This is a submission for the Hacktoberfest Weekend Challenge: Build for a Friend

What I Built
DM Polisher — a cold-outreach message polisher built for a friend who kept sending the same templated internship DMs to every company: "I hope this email finds you well… I'm passionate about technology… Would you like to connect?" Zero responses.

DM Polisher turns their saved skills + a target company into a crisp, three-sentence message — hook, proof of work, ask — with no AI clichés. LinkedIn DMs come out short and DM-tight; cold emails get a greeting and a sign-off. The friend saves their profile once; every draft after that reuses it.

Demo
Live: https://dm-polisher.onrender.com/
Video: [VIDEO LINK]

Code
https://github.com/PavanCoderr/dm-polisher

How I Built It

Open-source AI core: meta-llama/llama-3.1-8b-instruct (open-weight Llama 3.1 8B) served through Backboard. Each student maps to one Backboard assistant: its instructions hold the three-sentence writing contract, its memories hold the student's skills, and generation runs with memory: "Readonly" so the model recalls — never rewrites — their context.

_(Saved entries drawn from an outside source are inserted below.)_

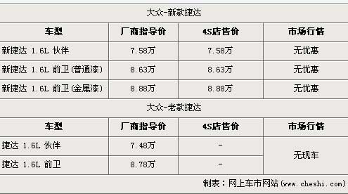據北京一汽大眾經銷店銷售人員介紹,大眾全新捷達1.6L分為伙伴版以及前衛版兩種車型,售價分別為7.58萬元和8.88萬元,由于前衛版白色車型采用的是普通漆油料,所以在廠商指導價方面會比前衛版其他顏色車型便宜2500元,售價為8.63萬元。銷售人員還介紹,老款的大眾捷達已經沒有現車,消費者已經無法購買到。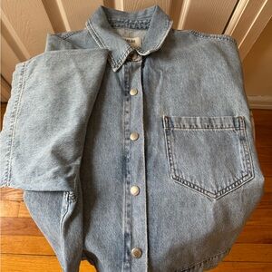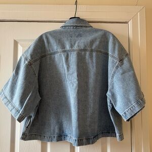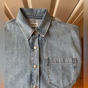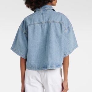 New without tags. Size Medium. Agolde short sleeve Rona denim button up box shirt in light wash effect. Designer color name: Effect. Snap button placket. Designed with an oversized, boxy silhouette, a dropped shoulder into extended short sleeves and with cropped hem. Angled chest pocket. 100% regenerative cotton. Made in Turkey with imported materials. Measurements approx: full length 21/22"in, pit to pit 25"in.
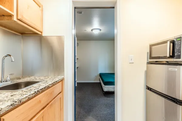 Thoughtful micro-apartment layouts maximize function — private bathrooms, kitchenettes with fridge and microwave, and select lofted units that expand usable space.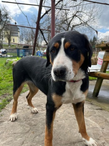 Szwajcarski Pies Pasterski ,suczka,bardzo nieufna do ludzi .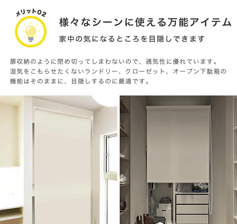 床から天井までの大容量突っ張り本棚にも取付できる専用金具付きロールスクリーンです。高さ250cmを覆い隠せるスクリーンは、簡単に目隠しを行い、室内をすっきり見せてくれます。ラックの天板上に専用アングルで取り付けるだけ。簡単に本格的な目隠しを配置できます。本棚以外にも洗濯機置き場やキッチンパントリーなどなど、アイデア次第で使用方法は無限大。オープン下駄箱の目隠しにも、扉施工よりコストが安く、通気性に優れており最適です。

Frontend: React 19, Vite 7, Tailwind v4, shadcn/ui, React Router 7
Backend & auth: Convex (queries, mutations, a "use node" action), Convex Auth with guest sign-in

Hosting: Render static site via render.yaml; the generated Convex client is committed to git because npx convex codegen needs a login token CI doesn't have

Resilience: if Backboard is unreachable, a deterministic offline writer in src/convex/mockWriter.ts produces the same structure and the UI flags the draft as degraded — the demo can never dead-end.

Why Does Open Innovation Matter?
Costs nothing to run. The model is open-weight, routed via Backboard — no per-request SaaS bill — and the offline writer is free.

The model is swappable. Two env vars (BACKBORD_LLM_PROVIDER, BACKBORD_MODEL_NAME) re-point the same contract at any open-weight model; prompt, memory, and metrics stay untouched.

Behavior is editable. The writing contract is one editable string in src/lib/backboard.ts, pushed into the assistant's instructions. Closed tooling hides that; open makes it yours.

Memory is inspectable. Skills live as readable memories on the student's assistant, and the data stays in the student's own Convex deployment.

Concrete proof it mattered: v1 called a closed gpt-4o-mini endpoint through an unprovisioned platform key and threw on the first generation. Moving the same contract onto an open-weight model through Backboard fixed the demo and let me see exactly what the model receives.

Prize Categories
Best Use of Render — the app is hosted on Render as a static site (blueprint in render.yaml, zero-state restartable)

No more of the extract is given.